* **Work required**: Where an entry holds an image, skip the image but reproduce the rest word for word.

[Opening Provided entries section]

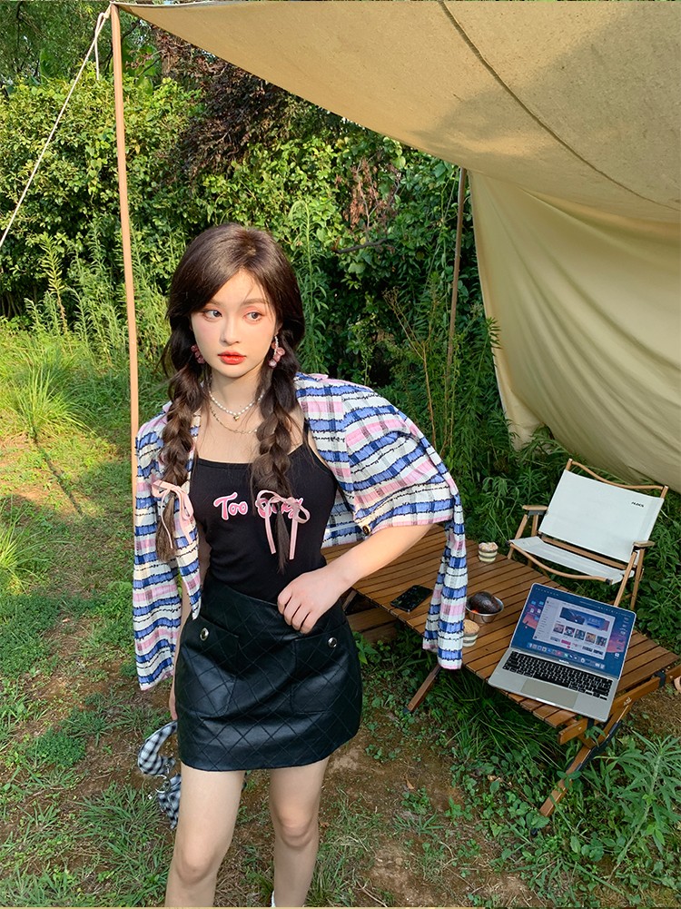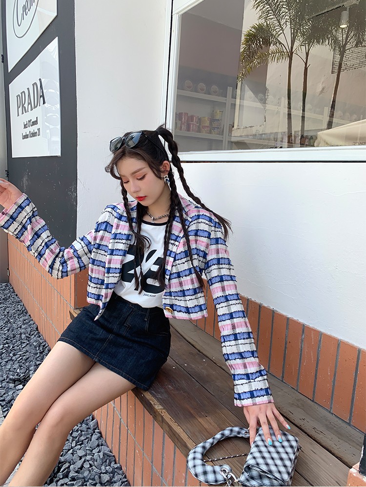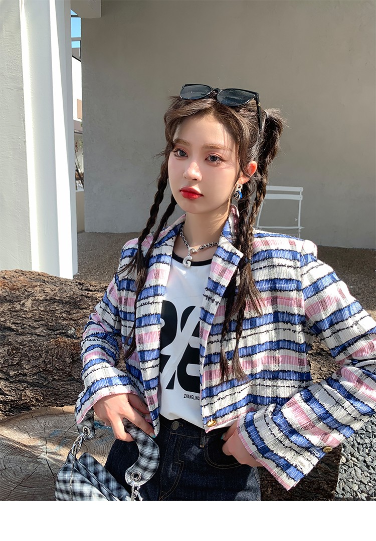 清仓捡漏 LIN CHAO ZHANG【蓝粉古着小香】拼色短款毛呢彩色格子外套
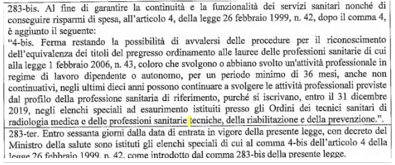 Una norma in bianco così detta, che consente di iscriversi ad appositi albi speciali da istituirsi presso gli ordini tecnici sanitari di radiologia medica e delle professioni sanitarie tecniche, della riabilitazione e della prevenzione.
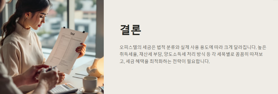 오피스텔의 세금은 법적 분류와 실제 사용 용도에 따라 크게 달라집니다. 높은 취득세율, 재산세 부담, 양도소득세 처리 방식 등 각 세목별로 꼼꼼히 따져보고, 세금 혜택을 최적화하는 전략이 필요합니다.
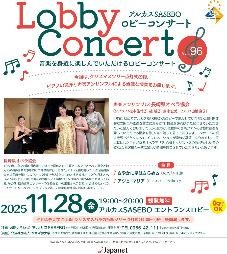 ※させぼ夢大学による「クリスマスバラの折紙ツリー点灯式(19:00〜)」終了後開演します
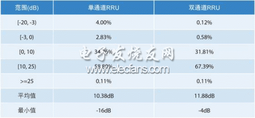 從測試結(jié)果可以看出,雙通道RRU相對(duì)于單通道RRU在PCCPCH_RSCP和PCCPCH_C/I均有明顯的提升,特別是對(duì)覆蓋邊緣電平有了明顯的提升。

[Closing Provided entries section]

* **Expected answer**:
 清仓捡漏 LIN CHAO ZHANG【蓝粉古着小香】拼色短款毛呢彩色格子外套
 Una norma in bianco così detta, che consente di iscriversi ad appositi albi speciali da istituirsi presso gli ordini tecnici sanitari di radiologia medica e delle professioni sanitarie tecniche, della riabilitazione e della prevenzione.
 오피스텔의 세금은 법적 분류와 실제 사용 용도에 따라 크게 달라집니다. 높은 취득세율, 재산세 부담, 양도소득세 처리 방식 등 각 세목별로 꼼꼼히 따져보고, 세금 혜택을 최적화하는 전략이 필요합니다.
 ※させぼ夢大学による「クリスマスバラの折紙ツリー点灯式(19:00〜)」終了後開演します
 從測試結(jié)果可以看出,雙通道RRU相對(duì)于單通道RRU在PCCPCH_RSCP和PCCPCH_C/I均有明顯的提升,特別是對(duì)覆蓋邊緣電平有了明顯的提升。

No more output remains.